▸ Action item
Look below for the line that has "対象児童:保護者または同居の". Set down the lines from there through the line that has "Magicbox Lot de", exactly as written.

▸ Entries provided

- - -

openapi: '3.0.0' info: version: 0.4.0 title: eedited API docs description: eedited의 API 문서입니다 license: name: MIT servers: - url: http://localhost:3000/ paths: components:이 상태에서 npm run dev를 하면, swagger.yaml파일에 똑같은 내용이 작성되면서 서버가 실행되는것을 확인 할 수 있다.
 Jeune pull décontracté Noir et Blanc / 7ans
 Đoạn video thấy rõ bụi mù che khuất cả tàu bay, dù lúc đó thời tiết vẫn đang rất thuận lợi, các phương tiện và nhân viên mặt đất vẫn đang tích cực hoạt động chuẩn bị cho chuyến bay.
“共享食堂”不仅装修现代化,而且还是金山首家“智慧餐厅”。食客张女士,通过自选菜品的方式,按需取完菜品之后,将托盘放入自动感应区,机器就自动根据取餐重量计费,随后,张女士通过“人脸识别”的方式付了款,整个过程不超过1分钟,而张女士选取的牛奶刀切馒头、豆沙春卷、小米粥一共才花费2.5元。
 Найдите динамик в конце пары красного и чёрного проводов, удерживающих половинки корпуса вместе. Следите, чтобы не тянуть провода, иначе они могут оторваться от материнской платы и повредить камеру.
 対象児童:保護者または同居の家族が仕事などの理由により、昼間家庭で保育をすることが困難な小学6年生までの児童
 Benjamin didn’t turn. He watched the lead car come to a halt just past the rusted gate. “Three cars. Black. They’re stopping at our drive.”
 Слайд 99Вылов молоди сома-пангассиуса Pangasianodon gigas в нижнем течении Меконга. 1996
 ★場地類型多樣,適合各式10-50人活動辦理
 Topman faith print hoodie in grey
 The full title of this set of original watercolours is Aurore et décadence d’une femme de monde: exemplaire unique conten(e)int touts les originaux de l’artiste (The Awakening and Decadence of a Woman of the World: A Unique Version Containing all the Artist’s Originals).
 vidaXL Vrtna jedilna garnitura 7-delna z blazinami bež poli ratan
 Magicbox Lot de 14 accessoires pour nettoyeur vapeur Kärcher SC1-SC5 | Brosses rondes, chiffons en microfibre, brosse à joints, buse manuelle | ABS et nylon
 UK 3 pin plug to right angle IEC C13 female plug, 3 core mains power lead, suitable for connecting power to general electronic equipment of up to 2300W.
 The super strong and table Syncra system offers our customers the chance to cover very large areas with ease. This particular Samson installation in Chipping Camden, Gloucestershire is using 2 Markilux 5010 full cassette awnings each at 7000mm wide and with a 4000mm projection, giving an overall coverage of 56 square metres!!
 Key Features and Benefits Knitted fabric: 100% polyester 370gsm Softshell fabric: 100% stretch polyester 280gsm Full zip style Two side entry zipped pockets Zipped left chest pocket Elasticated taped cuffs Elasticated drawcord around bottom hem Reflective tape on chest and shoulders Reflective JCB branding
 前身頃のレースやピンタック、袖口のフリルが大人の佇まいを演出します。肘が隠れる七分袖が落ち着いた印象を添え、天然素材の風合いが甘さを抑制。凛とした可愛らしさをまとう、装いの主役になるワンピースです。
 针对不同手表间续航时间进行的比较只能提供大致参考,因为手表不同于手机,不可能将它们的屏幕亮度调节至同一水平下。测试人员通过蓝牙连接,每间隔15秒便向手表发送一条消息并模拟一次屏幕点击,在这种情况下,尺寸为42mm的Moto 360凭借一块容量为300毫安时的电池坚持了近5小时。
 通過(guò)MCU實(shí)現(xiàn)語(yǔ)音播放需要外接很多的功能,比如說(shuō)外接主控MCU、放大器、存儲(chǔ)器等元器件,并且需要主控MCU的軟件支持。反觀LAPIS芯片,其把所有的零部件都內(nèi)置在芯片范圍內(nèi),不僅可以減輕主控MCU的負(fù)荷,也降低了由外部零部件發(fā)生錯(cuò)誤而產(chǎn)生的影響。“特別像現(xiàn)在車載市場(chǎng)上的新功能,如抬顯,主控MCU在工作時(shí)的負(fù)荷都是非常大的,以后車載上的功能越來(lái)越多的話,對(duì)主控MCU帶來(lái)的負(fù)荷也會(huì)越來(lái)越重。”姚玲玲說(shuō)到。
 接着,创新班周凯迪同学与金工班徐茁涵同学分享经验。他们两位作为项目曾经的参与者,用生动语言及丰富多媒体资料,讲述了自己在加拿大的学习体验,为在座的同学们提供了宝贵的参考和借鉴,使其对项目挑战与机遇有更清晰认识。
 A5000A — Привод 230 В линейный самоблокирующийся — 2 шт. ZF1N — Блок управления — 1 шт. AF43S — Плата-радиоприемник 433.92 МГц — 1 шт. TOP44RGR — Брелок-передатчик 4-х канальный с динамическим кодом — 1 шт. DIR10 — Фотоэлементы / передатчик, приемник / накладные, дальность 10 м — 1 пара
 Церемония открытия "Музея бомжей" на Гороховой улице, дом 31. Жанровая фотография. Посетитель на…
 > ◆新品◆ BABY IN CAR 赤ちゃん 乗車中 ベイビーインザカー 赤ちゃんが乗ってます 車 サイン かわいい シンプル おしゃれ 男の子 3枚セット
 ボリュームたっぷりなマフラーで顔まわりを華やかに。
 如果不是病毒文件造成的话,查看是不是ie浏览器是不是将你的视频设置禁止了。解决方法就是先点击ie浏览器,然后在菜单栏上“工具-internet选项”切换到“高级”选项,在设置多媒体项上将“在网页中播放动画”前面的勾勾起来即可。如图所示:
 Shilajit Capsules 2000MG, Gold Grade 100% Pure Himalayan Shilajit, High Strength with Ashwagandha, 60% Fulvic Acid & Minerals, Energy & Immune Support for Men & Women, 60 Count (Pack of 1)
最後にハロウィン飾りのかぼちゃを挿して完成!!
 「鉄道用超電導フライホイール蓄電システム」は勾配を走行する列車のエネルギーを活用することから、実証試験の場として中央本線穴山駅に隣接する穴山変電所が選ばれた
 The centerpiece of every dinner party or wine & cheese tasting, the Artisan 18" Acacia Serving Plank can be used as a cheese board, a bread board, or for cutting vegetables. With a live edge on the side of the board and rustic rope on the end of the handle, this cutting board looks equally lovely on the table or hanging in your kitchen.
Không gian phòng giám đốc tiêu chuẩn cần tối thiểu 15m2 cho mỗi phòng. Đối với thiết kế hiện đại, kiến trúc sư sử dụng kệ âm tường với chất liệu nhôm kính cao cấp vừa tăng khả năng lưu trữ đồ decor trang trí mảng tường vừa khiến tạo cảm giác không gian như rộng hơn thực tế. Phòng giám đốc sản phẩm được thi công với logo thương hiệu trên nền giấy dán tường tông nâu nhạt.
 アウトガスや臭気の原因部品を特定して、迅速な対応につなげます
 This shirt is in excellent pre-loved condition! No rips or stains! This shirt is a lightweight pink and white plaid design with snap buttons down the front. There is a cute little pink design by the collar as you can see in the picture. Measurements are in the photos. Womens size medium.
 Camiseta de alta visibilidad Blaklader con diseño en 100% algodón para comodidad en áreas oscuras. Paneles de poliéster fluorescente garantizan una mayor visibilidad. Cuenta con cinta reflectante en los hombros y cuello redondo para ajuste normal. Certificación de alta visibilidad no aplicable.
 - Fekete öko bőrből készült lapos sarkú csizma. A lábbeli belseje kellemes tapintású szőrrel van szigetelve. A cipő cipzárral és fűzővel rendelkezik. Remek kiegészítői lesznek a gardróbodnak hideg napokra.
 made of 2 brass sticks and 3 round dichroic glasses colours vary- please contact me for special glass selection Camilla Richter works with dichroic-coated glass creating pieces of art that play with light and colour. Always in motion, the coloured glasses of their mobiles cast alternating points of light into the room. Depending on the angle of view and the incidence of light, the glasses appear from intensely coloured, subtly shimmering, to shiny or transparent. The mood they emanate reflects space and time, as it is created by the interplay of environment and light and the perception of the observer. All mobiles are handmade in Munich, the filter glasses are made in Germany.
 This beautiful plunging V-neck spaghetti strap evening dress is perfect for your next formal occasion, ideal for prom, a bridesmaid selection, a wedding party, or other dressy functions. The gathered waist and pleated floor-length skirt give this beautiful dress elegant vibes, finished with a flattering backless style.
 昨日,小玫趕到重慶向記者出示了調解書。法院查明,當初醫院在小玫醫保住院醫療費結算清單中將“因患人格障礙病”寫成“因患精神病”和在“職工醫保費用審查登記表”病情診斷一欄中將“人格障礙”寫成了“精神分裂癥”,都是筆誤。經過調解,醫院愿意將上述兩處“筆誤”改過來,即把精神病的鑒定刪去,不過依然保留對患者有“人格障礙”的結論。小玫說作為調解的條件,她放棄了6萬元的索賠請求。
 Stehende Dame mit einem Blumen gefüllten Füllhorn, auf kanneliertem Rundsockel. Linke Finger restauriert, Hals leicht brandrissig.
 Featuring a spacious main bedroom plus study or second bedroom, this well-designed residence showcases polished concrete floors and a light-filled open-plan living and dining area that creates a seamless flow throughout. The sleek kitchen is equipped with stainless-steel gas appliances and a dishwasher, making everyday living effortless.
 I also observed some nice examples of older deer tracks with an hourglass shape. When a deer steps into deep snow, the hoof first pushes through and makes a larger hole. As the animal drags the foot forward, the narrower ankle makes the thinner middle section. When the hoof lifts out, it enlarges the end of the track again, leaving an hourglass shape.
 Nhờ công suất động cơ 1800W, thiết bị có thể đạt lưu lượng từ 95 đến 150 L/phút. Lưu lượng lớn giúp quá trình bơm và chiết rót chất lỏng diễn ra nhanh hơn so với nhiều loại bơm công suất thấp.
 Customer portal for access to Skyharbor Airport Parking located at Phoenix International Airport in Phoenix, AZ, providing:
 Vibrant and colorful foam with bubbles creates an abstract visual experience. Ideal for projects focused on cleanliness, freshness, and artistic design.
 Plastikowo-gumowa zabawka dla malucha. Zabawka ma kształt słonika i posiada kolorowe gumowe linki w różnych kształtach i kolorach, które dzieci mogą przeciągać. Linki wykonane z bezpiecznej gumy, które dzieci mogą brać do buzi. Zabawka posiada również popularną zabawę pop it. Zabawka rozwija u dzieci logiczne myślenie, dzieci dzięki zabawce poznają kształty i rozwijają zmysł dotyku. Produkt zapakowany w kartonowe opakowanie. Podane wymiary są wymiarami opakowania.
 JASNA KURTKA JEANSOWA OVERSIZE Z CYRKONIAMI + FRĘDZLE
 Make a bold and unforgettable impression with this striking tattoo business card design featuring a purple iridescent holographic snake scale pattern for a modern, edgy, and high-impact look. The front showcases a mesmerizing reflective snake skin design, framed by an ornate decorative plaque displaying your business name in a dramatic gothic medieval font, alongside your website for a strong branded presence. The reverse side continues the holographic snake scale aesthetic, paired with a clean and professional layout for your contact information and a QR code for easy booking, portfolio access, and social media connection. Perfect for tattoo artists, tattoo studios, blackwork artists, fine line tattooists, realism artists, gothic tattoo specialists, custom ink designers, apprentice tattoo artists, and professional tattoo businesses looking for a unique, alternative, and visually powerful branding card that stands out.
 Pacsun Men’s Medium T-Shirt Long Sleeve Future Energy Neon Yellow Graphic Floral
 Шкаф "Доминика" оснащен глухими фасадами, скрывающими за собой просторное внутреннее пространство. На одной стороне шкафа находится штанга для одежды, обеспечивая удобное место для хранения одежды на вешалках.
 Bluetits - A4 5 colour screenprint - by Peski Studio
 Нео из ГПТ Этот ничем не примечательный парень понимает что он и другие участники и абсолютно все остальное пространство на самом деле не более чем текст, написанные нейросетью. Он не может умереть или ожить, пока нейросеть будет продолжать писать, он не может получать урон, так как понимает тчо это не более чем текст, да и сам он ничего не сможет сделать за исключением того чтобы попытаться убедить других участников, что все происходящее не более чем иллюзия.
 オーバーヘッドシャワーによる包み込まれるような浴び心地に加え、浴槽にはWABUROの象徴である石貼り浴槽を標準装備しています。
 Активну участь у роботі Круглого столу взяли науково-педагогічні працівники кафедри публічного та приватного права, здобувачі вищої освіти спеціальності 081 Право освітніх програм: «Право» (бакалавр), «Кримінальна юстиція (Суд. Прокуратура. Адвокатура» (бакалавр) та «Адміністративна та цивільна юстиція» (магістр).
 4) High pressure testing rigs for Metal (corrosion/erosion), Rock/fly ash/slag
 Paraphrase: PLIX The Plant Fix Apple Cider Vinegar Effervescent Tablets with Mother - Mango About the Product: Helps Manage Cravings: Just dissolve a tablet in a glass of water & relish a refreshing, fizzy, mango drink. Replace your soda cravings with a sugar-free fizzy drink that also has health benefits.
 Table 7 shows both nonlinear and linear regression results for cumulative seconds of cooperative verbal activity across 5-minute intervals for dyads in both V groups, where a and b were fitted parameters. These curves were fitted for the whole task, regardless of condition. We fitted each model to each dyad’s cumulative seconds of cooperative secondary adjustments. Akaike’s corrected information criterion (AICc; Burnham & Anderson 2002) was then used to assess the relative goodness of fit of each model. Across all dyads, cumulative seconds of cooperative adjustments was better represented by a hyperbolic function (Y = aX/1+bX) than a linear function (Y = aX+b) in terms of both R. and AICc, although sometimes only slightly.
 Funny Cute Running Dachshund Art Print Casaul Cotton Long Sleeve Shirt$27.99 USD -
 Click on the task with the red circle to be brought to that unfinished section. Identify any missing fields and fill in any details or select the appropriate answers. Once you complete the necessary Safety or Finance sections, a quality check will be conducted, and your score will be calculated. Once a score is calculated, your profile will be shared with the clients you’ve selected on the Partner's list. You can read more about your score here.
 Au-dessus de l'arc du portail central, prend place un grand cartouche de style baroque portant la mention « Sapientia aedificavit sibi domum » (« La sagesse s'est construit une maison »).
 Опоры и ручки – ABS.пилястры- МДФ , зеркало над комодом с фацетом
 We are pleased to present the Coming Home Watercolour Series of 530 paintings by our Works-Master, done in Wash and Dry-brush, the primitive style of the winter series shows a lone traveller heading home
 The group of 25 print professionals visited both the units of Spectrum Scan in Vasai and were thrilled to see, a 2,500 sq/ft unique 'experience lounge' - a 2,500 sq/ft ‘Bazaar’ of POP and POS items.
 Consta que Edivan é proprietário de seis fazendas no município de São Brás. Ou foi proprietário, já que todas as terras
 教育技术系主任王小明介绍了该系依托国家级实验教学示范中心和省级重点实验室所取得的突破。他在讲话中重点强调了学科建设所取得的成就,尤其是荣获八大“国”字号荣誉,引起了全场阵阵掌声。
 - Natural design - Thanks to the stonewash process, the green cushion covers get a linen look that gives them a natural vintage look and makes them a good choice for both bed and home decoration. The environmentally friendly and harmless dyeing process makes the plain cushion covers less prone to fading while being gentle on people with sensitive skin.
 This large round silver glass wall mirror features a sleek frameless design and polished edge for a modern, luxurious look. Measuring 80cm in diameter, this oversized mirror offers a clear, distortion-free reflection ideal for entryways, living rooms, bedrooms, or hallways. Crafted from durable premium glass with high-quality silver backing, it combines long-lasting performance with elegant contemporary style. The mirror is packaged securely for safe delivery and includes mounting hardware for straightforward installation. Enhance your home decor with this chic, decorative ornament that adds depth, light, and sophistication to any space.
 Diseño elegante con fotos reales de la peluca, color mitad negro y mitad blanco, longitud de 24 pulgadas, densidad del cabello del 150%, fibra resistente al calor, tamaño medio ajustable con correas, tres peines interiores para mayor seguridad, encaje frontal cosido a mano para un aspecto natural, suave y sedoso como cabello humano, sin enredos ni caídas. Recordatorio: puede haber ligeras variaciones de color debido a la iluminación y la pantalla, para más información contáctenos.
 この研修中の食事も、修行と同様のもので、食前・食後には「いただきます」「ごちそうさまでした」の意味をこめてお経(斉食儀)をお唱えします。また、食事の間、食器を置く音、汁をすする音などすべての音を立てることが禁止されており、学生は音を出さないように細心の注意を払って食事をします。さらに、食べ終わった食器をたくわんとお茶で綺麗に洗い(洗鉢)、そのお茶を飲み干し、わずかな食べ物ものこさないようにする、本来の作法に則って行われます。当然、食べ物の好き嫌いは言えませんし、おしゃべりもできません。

- - -

▸ Result below
 対象児童:保護者または同居の家族が仕事などの理由により、昼間家庭で保育をすることが困難な小学6年生までの児童
 Benjamin didn’t turn. He watched the lead car come to a halt just past the rusted gate. “Three cars. Black. They’re stopping at our drive.”
 Слайд 99Вылов молоди сома-пангассиуса Pangasianodon gigas в нижнем течении Меконга. 1996
 ★場地類型多樣,適合各式10-50人活動辦理
 Topman faith print hoodie in grey
 The full title of this set of original watercolours is Aurore et décadence d’une femme de monde: exemplaire unique conten(e)int touts les originaux de l’artiste (The Awakening and Decadence of a Woman of the World: A Unique Version Containing all the Artist’s Originals).
 vidaXL Vrtna jedilna garnitura 7-delna z blazinami bež poli ratan
 Magicbox Lot de 14 accessoires pour nettoyeur vapeur Kärcher SC1-SC5 | Brosses rondes, chiffons en microfibre, brosse à joints, buse manuelle | ABS et nylon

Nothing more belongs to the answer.